This repository is the home of all HGU IGMM code for manipulating Anatomy Databases.
The code consists of:
-
Java Classes, including a full Java DAO (Data Access Object layer) ( on top of MySQL ), influenced by BalusC ( eg. http://balusc.blogspot.co.uk/2008/07/dao-tutorial-data-layer.html )
-
Python Classes, again another DAO in Python; these rebuild the database's derived data tables; and produce many reports in RTF, TXT and XML
The Database itself is implemented in MySQL, and is a realisation of a Directed Acyclic Graph (DAG), as a Tree stored in Relational form.
The Database has the following "Core" tables: EDITOR, SOURCE, STAGE, NODE, TIMED_NODE, RELATIONSHIP, SYNONYM, VERSION, PERSPECTIVE_AMBIT
Each of these Core Tables has a unique Surrogate Key, which is stored in the OBJECT table.
Of these Core Tables, STAGE, NODE, TIMED_NODE, RELATIONSHIP, provide the main structure to the database.
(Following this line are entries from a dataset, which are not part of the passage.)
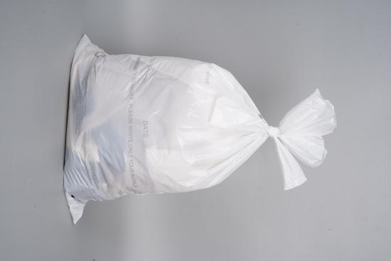 This is a biodegradable plastic laundry bag with a tear strip for easy tying.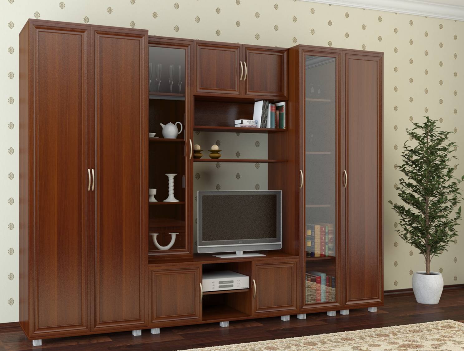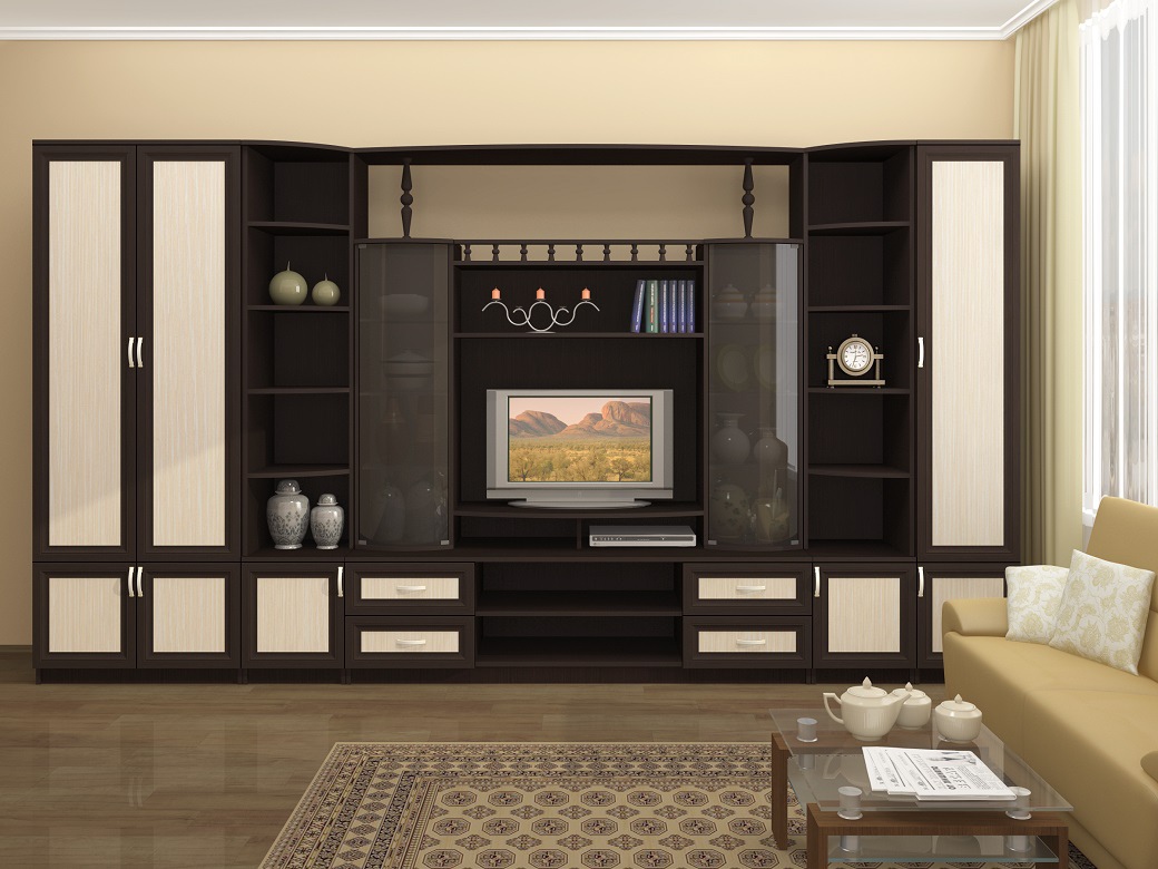 Select the product based on the style of your room. Only in this way can you create harmony in the space of the hall. It is also worth paying for the internal content of the furniture. If you need options with numerous shelves, cabinets, other offices, then you need to purchase similar products, not sparing money on them.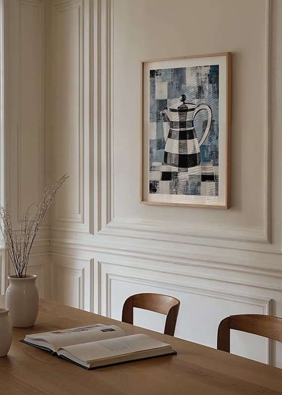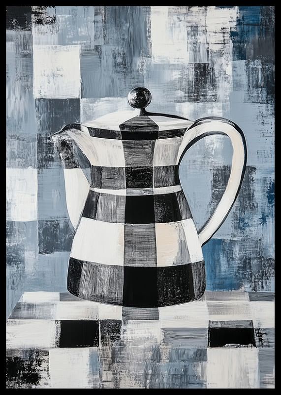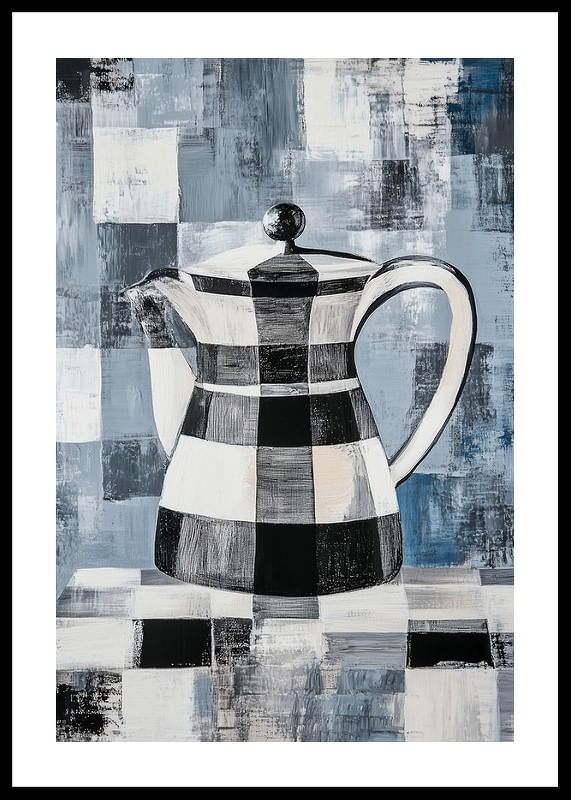 Un poster che unisce l'arte astratta e il design senza tempo. Il motivo a scacchi bianchi e neri di un'elegante brocca si fonde con uno sfondo dai toni blu intenso e dalle forme geometriche.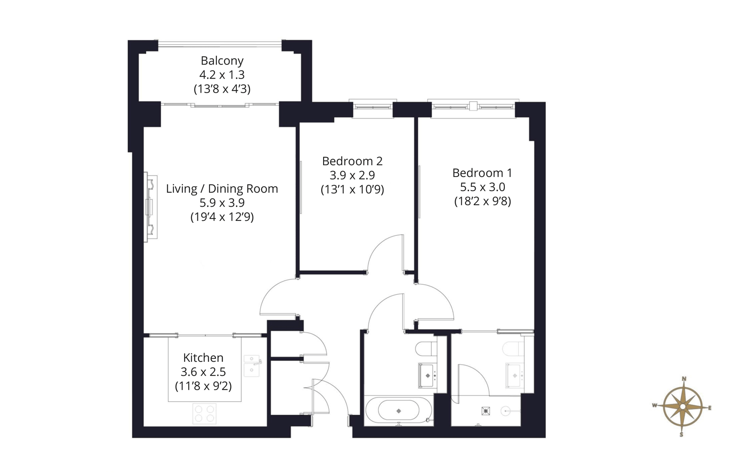 Apartment 9 is a first-floor apartment with two bedrooms and two bathroom which benefits from a large private balcony overlooking a quiet and elegant street in Hampton Wick.

Nodes are Related to Other Nodes through the Relationship Table; Nodes exist for a range of Stages, and for each stage in the range, a Timed Node exists.
PLEASE READ THE FOLLOWING DOCUMENT FOR A FULL DESCRIPTION OF THIS REPOSITORY COMPONENTS!
Anatomy/Documentation/TheHGUAnatomyDatabase_2013-05-01.doc
The HGU Anatomy Database
Mike Wicks’ Developments by 26th February 2014
Executive Summary
NOTA BENE
This GIT Repository is hosted on MAHOST ( git@mahost:Anatomy ) as well as GITHUB ( https://github.com/ma-tech/Anatomy.git - which EXCLUDES the /Anatomy/Database folder)
Anatomy Update Processing
A combination of Java and Python programs are used to update the Anatomy database, whenever a new version is required.
New Folder structures must first be added to GIT each time a new version of the database is required.
There are a number of steps to producing a new version of the database:
- Create Folder Structure for New Version
- Create an Empty Anatomy Database & Populate with Base Data
- Load and Validation of an OBO file against the Empty Database
- Update of the Database (produces new EMAP(A) terms and amends existing terms)
- Produce a new OBO file from the updated database
- Produce SQL queries to populate derived tables
- Apply SQL derived table queries to the database
- Produce new Tree Reports
- Produce SQL queries to create Materialised View tables
- Apply SQL materialised view queries (long running).
All program code is in GIT under “Anatomy” – BOTH Java and PYTHON.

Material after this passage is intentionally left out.